NAIROBI, Kenya, Nov 10 – The government is set to reintroduce the Social Health Insurance Scheme Bill in Parliament with high expectations that it would pass through this time round.
Medical Services Minister Prof Anyang Nyong’o said on Tuesday that they had ironed out contentious issues that saw it fail to receive Presidential Assent in 2006. He expects Parliament to endorse it without much debate.
“The reason it did not pass through was because it was not clear on how the poor would be taken care of but we have since rectified that,” he said.
The Bill was first introduced in 2005 but was met with sharp criticism by the private sector that ultimately saw President Kibaki fail to assent it.
Prof Anyang Nyong’o now says they have worked on new modalities that will see individuals contribute a certain amount into the kitty, as opposed to the free health care that had been stipulated earlier.
Prof Nyong’o was confident once the scheme is approved, players in the private sector would reduce cost of health insurance. He said this would bring the overall cost of health insurance down making it more affordable to Kenyans who still do not have access to medical care.
“We challenge them by introducing a government product that people can use and this would compel them to bring their costs down,” he said.
He was speaking during the launch of CFC life’s new health product, BLUE, that insures chronic diseases.
CFC life Managing Director Abel Munda noted only two percent of Kenyans were covered by private health insurance companies.
“Another 10 percent that can afford this cover don’t take it which shows that a majority of the population is still exposed,” he said.
Mr Munda said more employers were beginning to realise that looking after employee health was an influencing factor in company success as well as employee productivity.
He said the new scheme would help in maximising human resource output by minimising the number of days employees take off to seek medical attention.
“Employers are beginning to realise that an employee wellness program is essential to creating a productive and supportive working environment,” he said.
CFC has collaborated with Liberty Health, a subsidiary of Standard Bank group South Africa, and the new cover would be available anywhere across Africa.
Customers will choose from either BLUE Gold or BLUE Diamond, which will give them flexibility in meeting their health needs.
At the same time Mr Munda noted, the insurance industry was facing major challenges as it tried to increase its penetration for health insurance covers into the Kenyan market.

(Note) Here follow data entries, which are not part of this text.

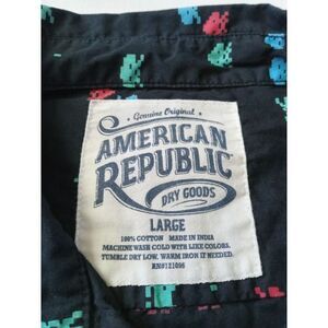 American Republic Black Space Invaders Pattern Button Front Shirt Men's Large
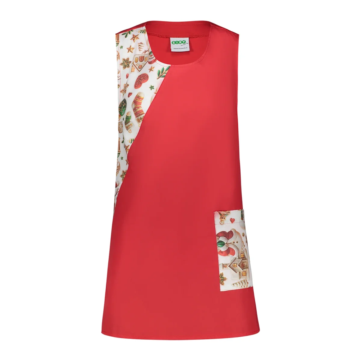 Design Festivo: L’inserto diagonale e la tasca con fantasia natalizia rendono la casacca unica e immediatamente a tema.
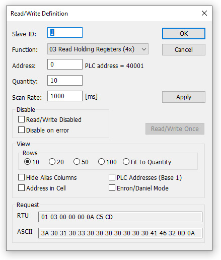 在这里,您可以定义要在窗口中显示的数据。该设置显示了如何从地址0读取10个保持寄存器。在某些协议说明中,地址为40001。请注意,Modbus轮询使用始终从0开始计数的Modbus地址。
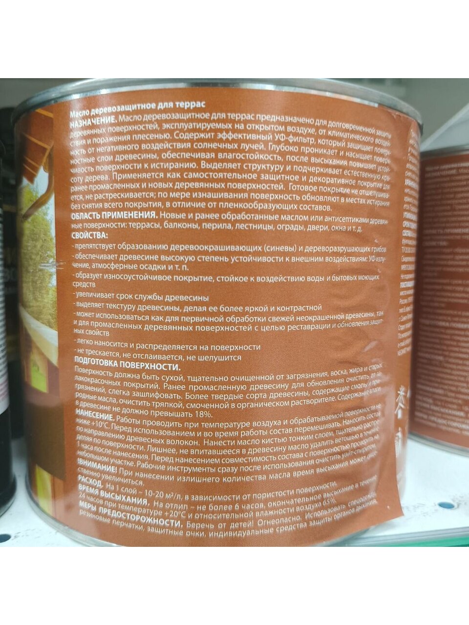 «NEOMID Масло деревозащитное для террас» предназначено для долговременной защиты деревянных поверхностей, эксплуатируемых на открытом воздухе, от климатического воздействия и поражения плесенью. Содержит эффективный УФ-фильтр, который защищает поверхность от негативного воздействия солнечных лучей. Глубоко проникает и насыщает поверхностные слои древесины, обеспечивая влагостойкость, после высыхания повышает устойчивость поверхности к истиранию. Выделяет структуру и подчеркивает естественную красоту дерева. Применяется как самостоятельное защитное и декоративное покрытие для ранее промасленных и новых деревянных поверхностей.
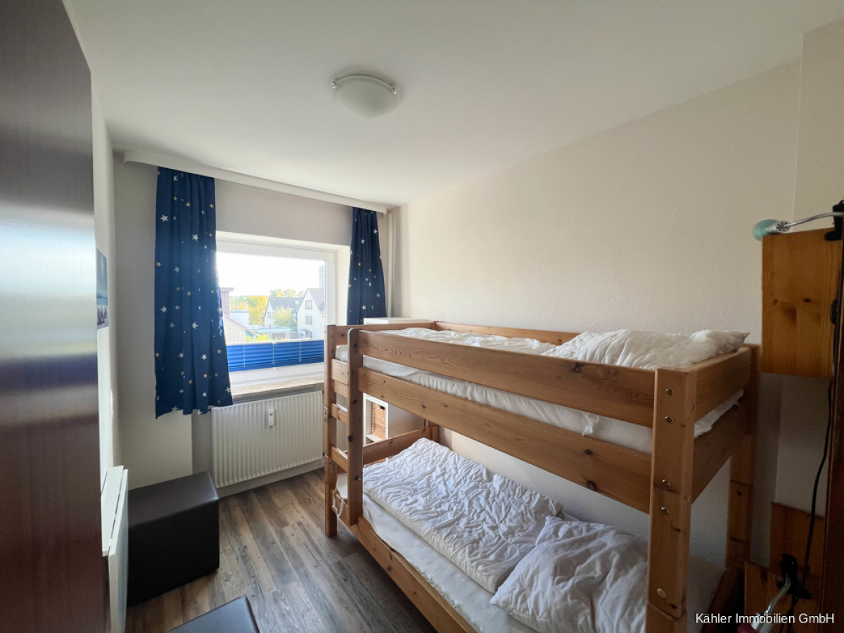 Die Wohnung bietet im Eingangsbereich einen geräumigen Flur mit Platz für einen großen Kleiderschrank. Das helle Wohnzimmer besitzt einen Ess-/Wohnbereich und einen Zugang zu dem großzügigen, sonnigen Südbalkon. Das Fenster und die Tür zum Balkon sind mit elektrischen Außenjalousien versehen. Des Weiteren verfügt die Wohnung über eine separate Küche, die mit sämtlichen Geräten ausgestattet ist und ein helles Tageslichtduschbad. Ein Schlafzimmer bietet ein Doppelbett und ein Dachflächenfenster mit einer elektrische Außenjalousie. Im zweiten Schlafzimmer befindet sich ein Etagenbett und ein klappbarer Tisch zum Malen und Basteln für Kinder.
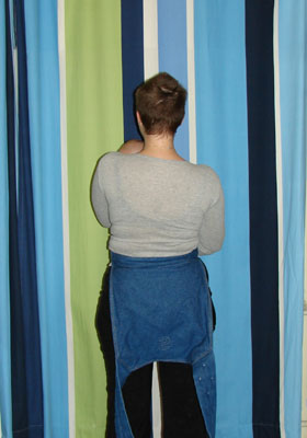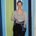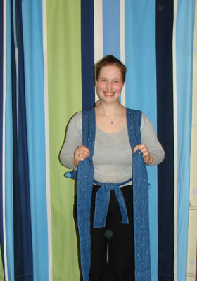 Afin de porter une écharpe May, vous devez d'abord attacher ses bords inférieurs à la taille.

He said this was due to misconception among the Kenyan population that health insurance was only meant for the more affluent people in society.
Mr Munda said this mindset, especially among the poorer in society, had made it difficult for most players in the industry to bring on board more people into formal insurance.
“As an industry we need to endear ourselves to the population so that they can see the value of the products we offer them,” he said.
The global economic crisis has not done much to aide the situation as people begin to reprioritise the way they spend there money. With the cost of living pushed up, many people have decided to do away with their covers, to foot their day-to-day expenditure.